┌──

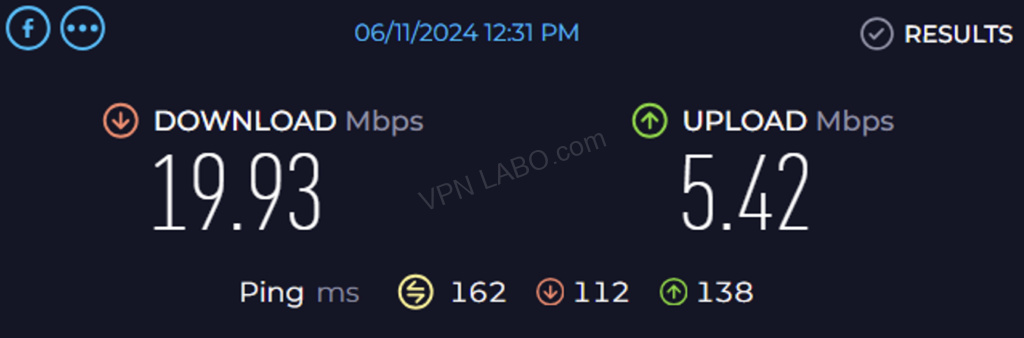 ExpressVPN:中国での速度テスト(Windows+Wi-Fi)
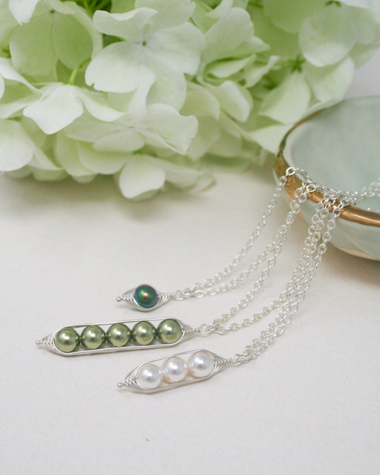 Personalized birthstone Pea pod necklace with Crystals [made to order]
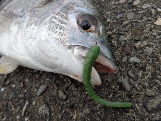 ワームはカッティングベイト3inch ハード カラーは#21 キビレグリーン。
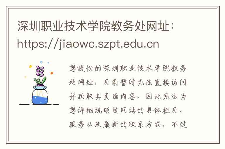 您提供的深圳职业技术学院教务处网址,目前暂时无法直接访问并获取其页面内容,因此无法为您详细说明该网站的具体栏目、服务以及最新的联系方式。
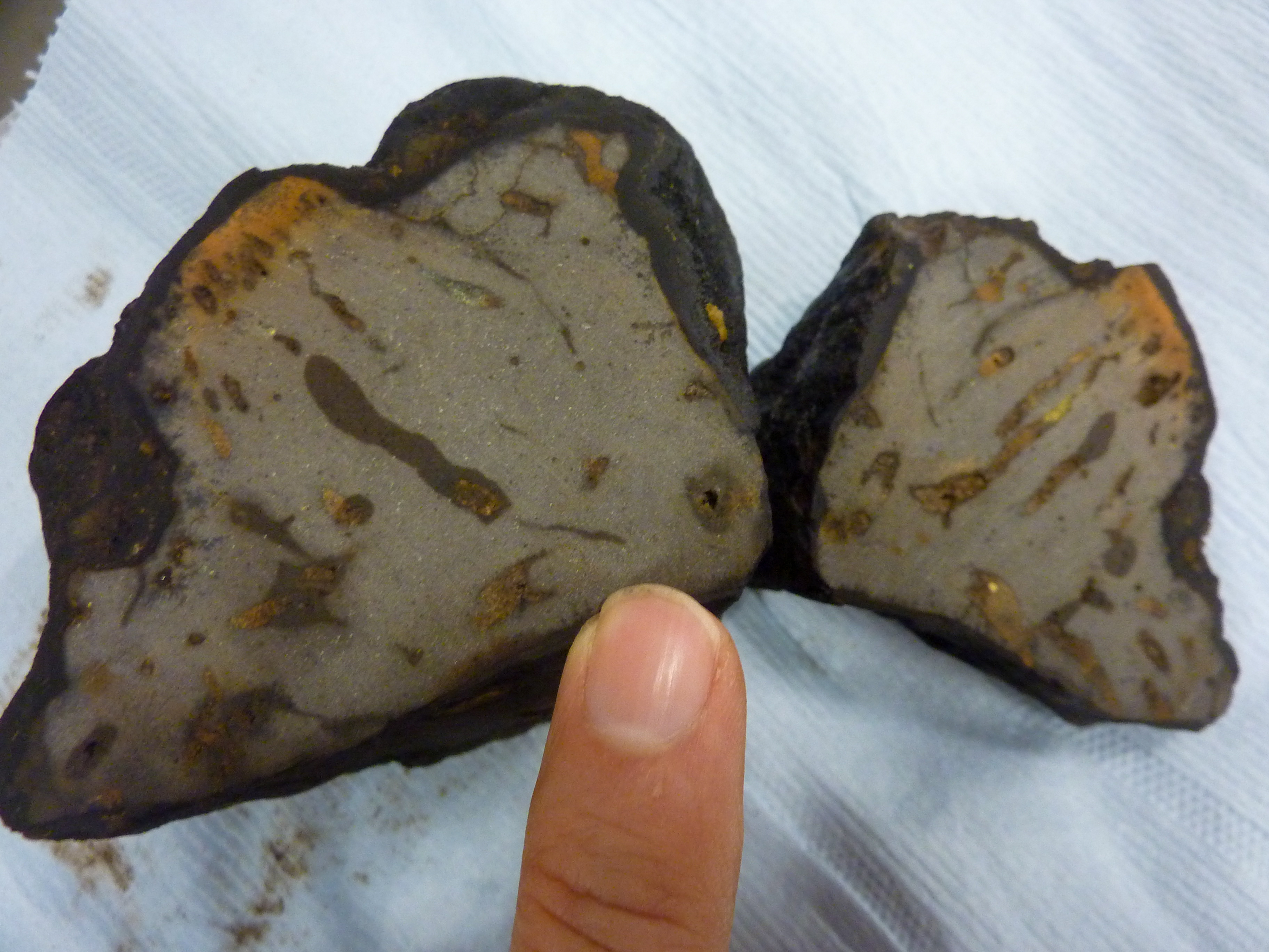 Aufgesägtes basaltisches Vulkangestein: Deutlich sind die länglichen Blasenhohlräume zu erkennen, die entstehen, wenn aus dem Magma austretende Gase in der noch flüssigen Lava nach außen streben. Die Gesteinsprobe ist von einer wenigen Millimeter dicken schwarzen Mangankruste bedeckt. Foto: Jörg Geldmacher, GEOMAR
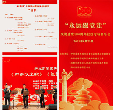 2021年6月25日,我系萨克斯管教师梅松率学生参加“永远跟党走”庆祝中国共产党成立100周年社区专场音乐会,此次音乐会由中共成都市成华区委社区发展治理委员会、中共成都市成华区保和街道党工委、成都市成华区人民政府保和街道办事处和伟德bv国际体育艺术处联合主办。
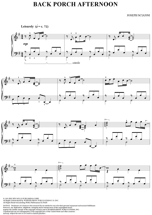 "Back Porch Afternoon" Sheet Music by Joseph Scianni
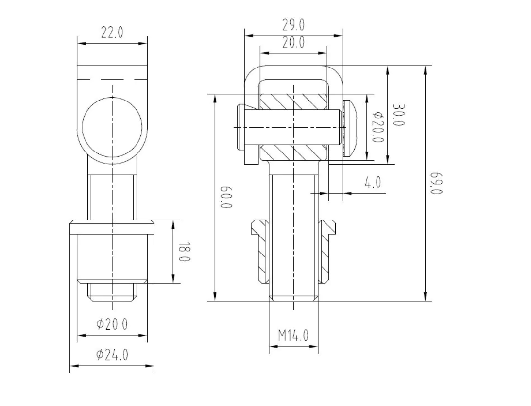 Stalowy zawias regulowany ze śrubą M14. Produkt ocynkowany (z uchem czarnym) – przeznaczony do użytku zewnętrznego, zapewnia wysoką odporność na korozję.
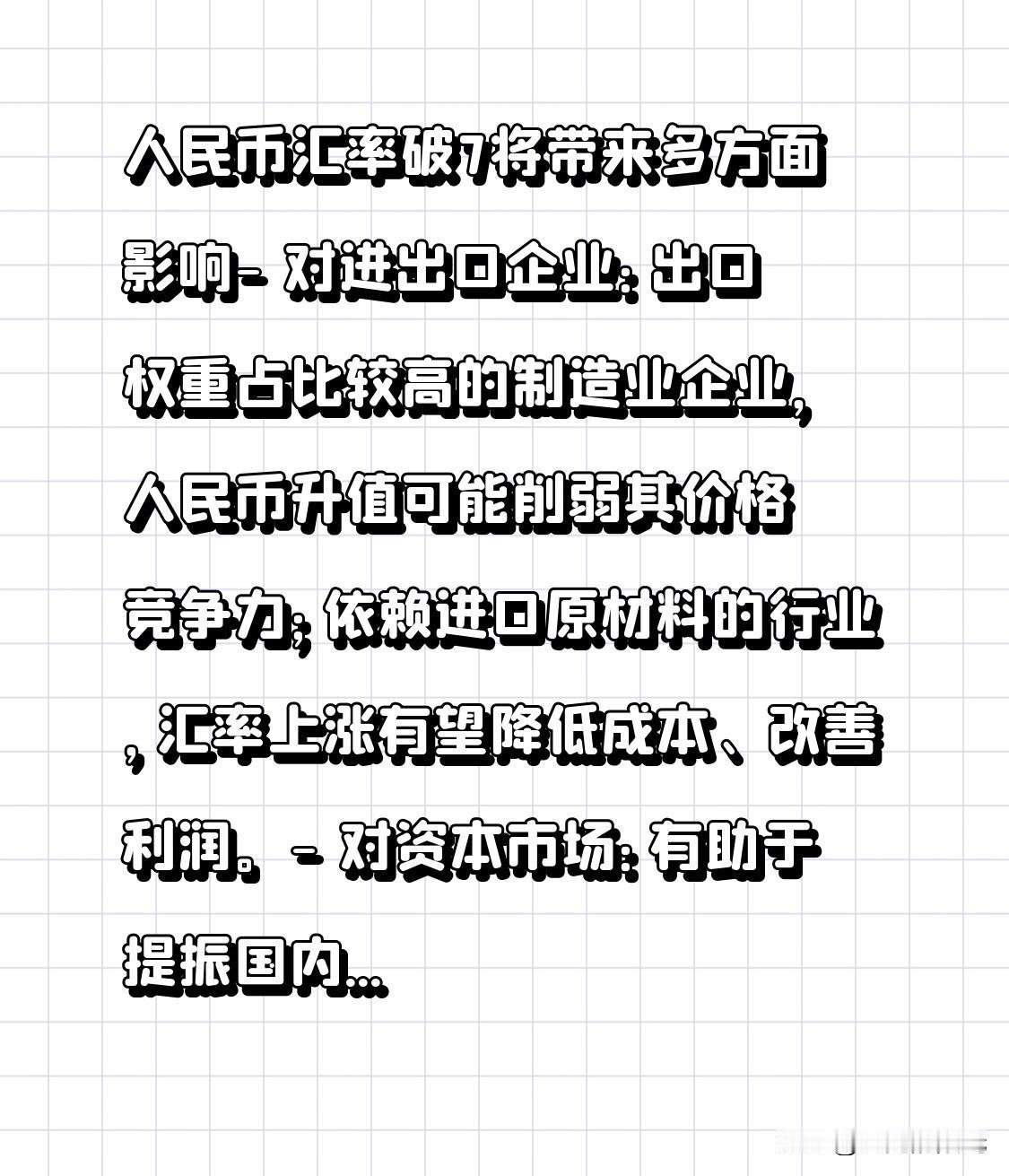 人民币汇率破7将带来多方面影响 - 对进出口企业:出口权重占比较高的制造业企业,人民币升值可能削弱其价格竞争力;依赖进口原材料的行业,汇率上涨有望降低成本、改善利润。 - 对资本市场:有助于提振国内资本市场信心,增大对资金的吸引力,提升人民币计价资产吸引力,打开货币宽松空间;但可能增加跨境投资的换汇成本,如港股通、互认基金等资金跨境投资,持股期间人民币汇率升值,最终收益率可能会打折扣。 - 对消费者:人民币升值直接提升购买力,进口商品成本下降,留学、海外旅游、海外购物等成本随之下降。

└──

YOUR OBJECTIVE:
When you reach the line containing "2021年6月25日,我系萨" in the entries above, begin restating word for word, and stop once the line containing "by Joseph Scianni" has been given. Omit the pictures.

ANSWER BOX:
 2021年6月25日,我系萨克斯管教师梅松率学生参加“永远跟党走”庆祝中国共产党成立100周年社区专场音乐会,此次音乐会由中共成都市成华区委社区发展治理委员会、中共成都市成华区保和街道党工委、成都市成华区人民政府保和街道办事处和伟德bv国际体育艺术处联合主办。
 "Back Porch Afternoon" Sheet Music by Joseph Scianni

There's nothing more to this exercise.